Llama 4 Slow Prefill with Partial Offload

Users report slow prompt processing (prefill) speed compared to generation speed when running Llama 4 Maverick on llama.cpp with MoE experts offloaded to CPU (-ot ".\*ffn\_.\*\_exps.\*=CPU"). PCIe bandwidth limitations (Gen3 vs Gen4) and layer selection (*attn.*=GPU) are being investigated.
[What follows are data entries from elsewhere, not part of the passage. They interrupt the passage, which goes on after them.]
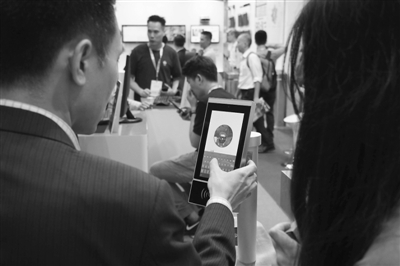图为参展者在腾讯云展台进行体验。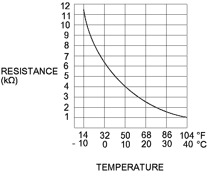 3. Compare the resistance reading between terminals No. 1 and No. 2 of the outside air temperature sensor with the specifications shown in the graph; the resistance should be within the specifications.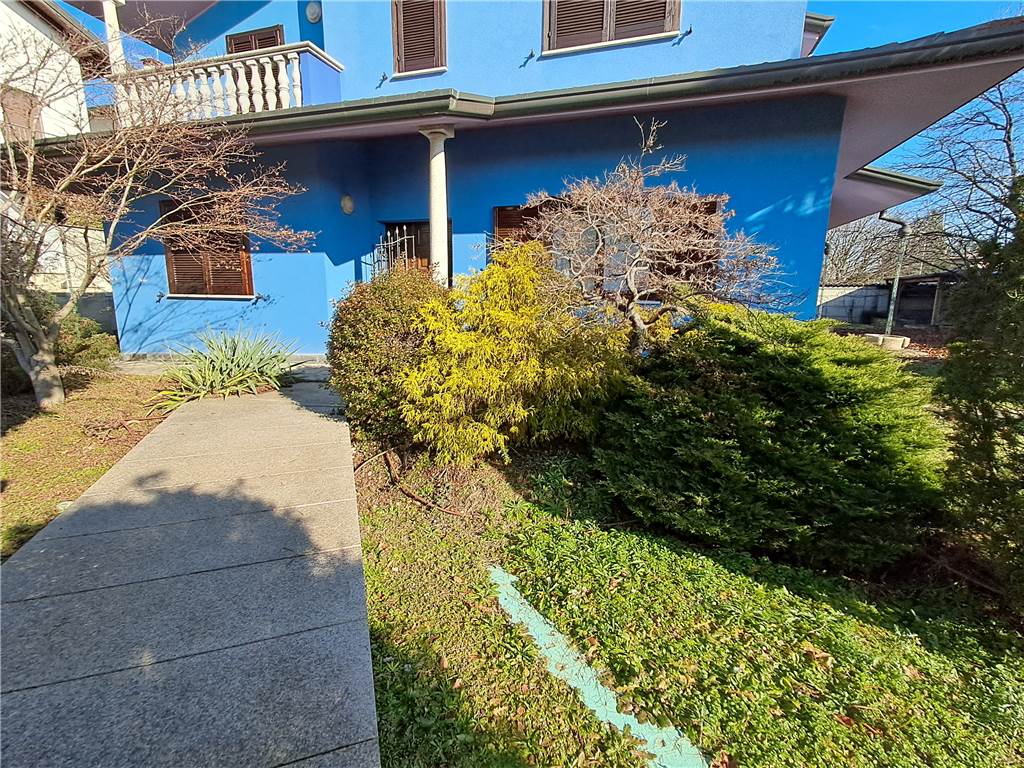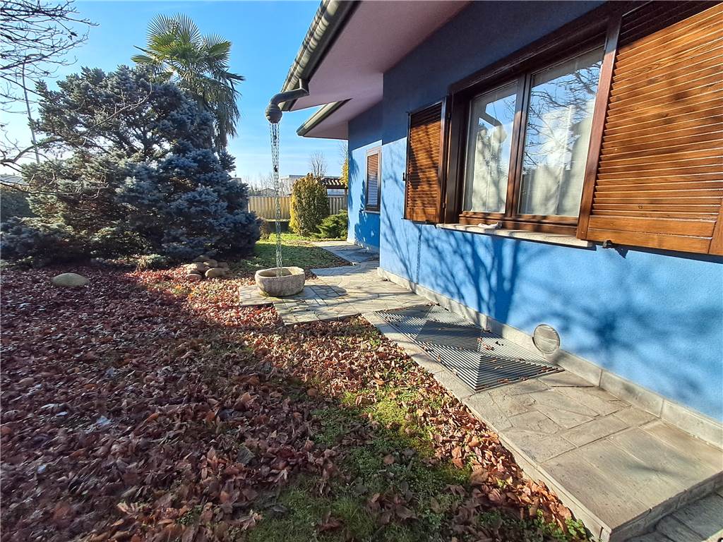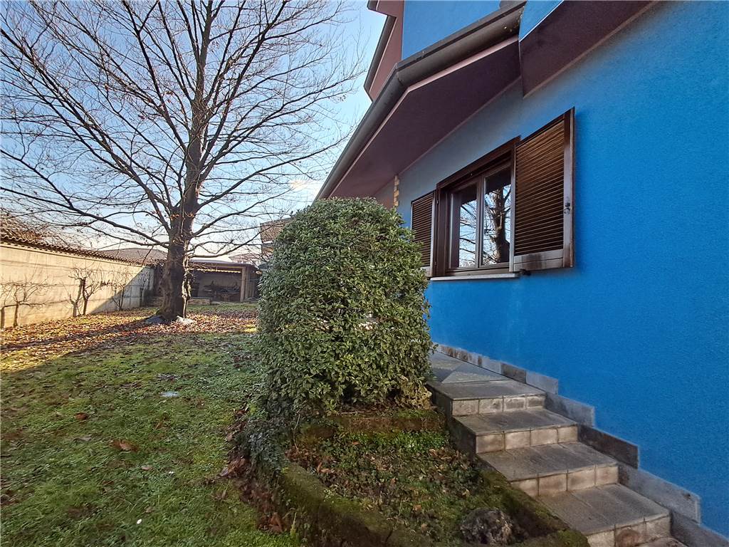 Villa singola del 2001 composta da PT 105 mq :salone doppio con camino, cucina ampia abitabile, che accede a porticato; bagno, locale camera o ufficio, scala interna con finiture di pregio che accede al 1° piano di 105 mq oltre terrazzino, 3 camere di cui 1 con camino in stile 800 e accesso terrazzino, 1 bagno con vasca e doccia, Bagno padronale scenografico, locale grande per armadiature e attrezzatura. Piano interrato mq 111 di cui taverna con camino e locale hobby lavanderia, bagno e locale caldaia, di recente cambiata. Grande box in larghezza per 2 auto , gazebo nel giardino piantumato 613 mq oltre la metratura delle parti edificate. Ulteriori informazioni presso i nostri uffici.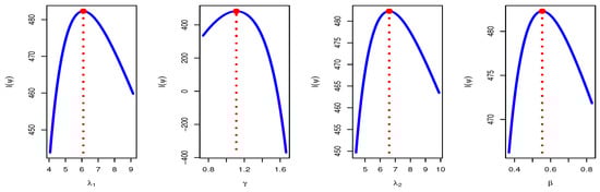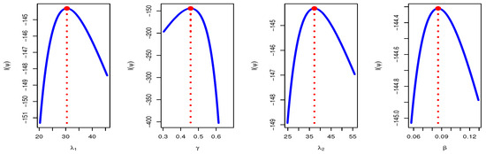 Likelihood profile (blue line) for parameters of PR based on SSLT under TRV model with the maximum likelihood estimation (red dot): electrical appliances data.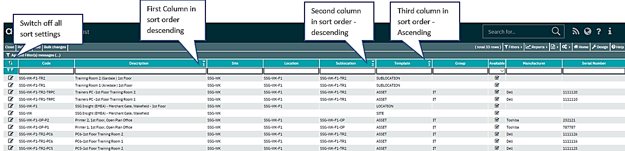 It is possible to apply sorts to more than one column, in which case the order in which the fields are being used is indicated by a number alongside the column heading.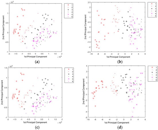 PCA plots using the LIBS data (a) before preprocessing and (b) after preprocessing, and the LIBS data combined with the HSI data (c) before preprocessing and (d) after preprocessing (concentrations of the pesticide solutions used in the samples from groups 1 to 6 were 0 g mL−1, 0.0050 g mL−1, 0.0025 g mL−1, 0.0017 g mL−1, 0.0013 g mL−1, and 0.0001 g mL−1).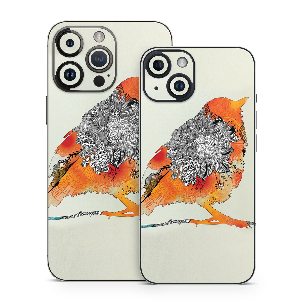 iStyles iPhone 14 Series Skin design of European robin, Orange, Bird, Illustration, Old World flycatcher, Drawing, Songbird, Perching bird, robin, Sketch, with gray, yellow, green, red, black colors, and tagged with animals.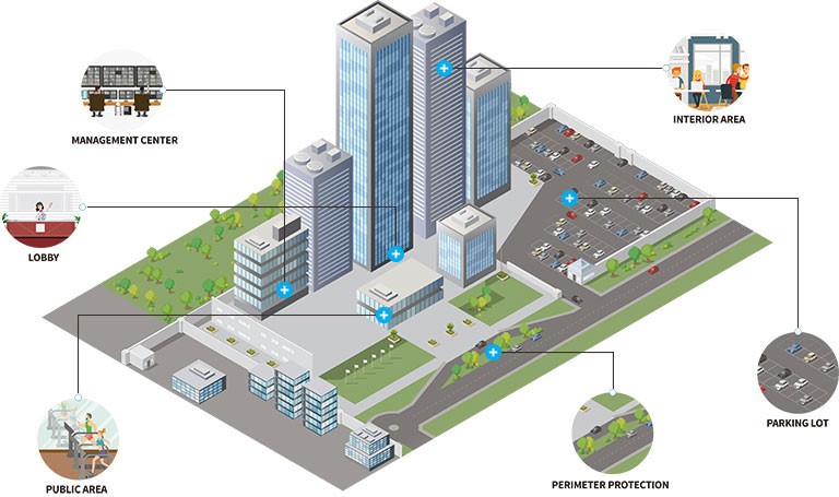 Building is a venue for social activities such as economic, productive, cultural and entertainment activities. A comprehensive and sophisticated building surveillance solution should take the specific social activities and personal behavior into consideration. It needs to protect the privacy of individuals, and meanwhile be able to cover all critical areas without any blind spot.

Ktransformers fork mentioned as faster.

Links:

https://github.com/kvcache-ai/ktransformers/blob/main/doc/en/llama4.md

Hardware Choices for Local LLMs

Discussions focus on VRAM vs. compute. Used RTX 3090 (24GB) often preferred over new AMD RX 7900 XTX (24GB) or lower VRAM current-gen cards due to CUDA ecosystem maturity. Multi-GPU setups (2x/3x 3060 12GB) are viable budget options for >30B models. M1 Max (64GB) favored over M4 (32GB).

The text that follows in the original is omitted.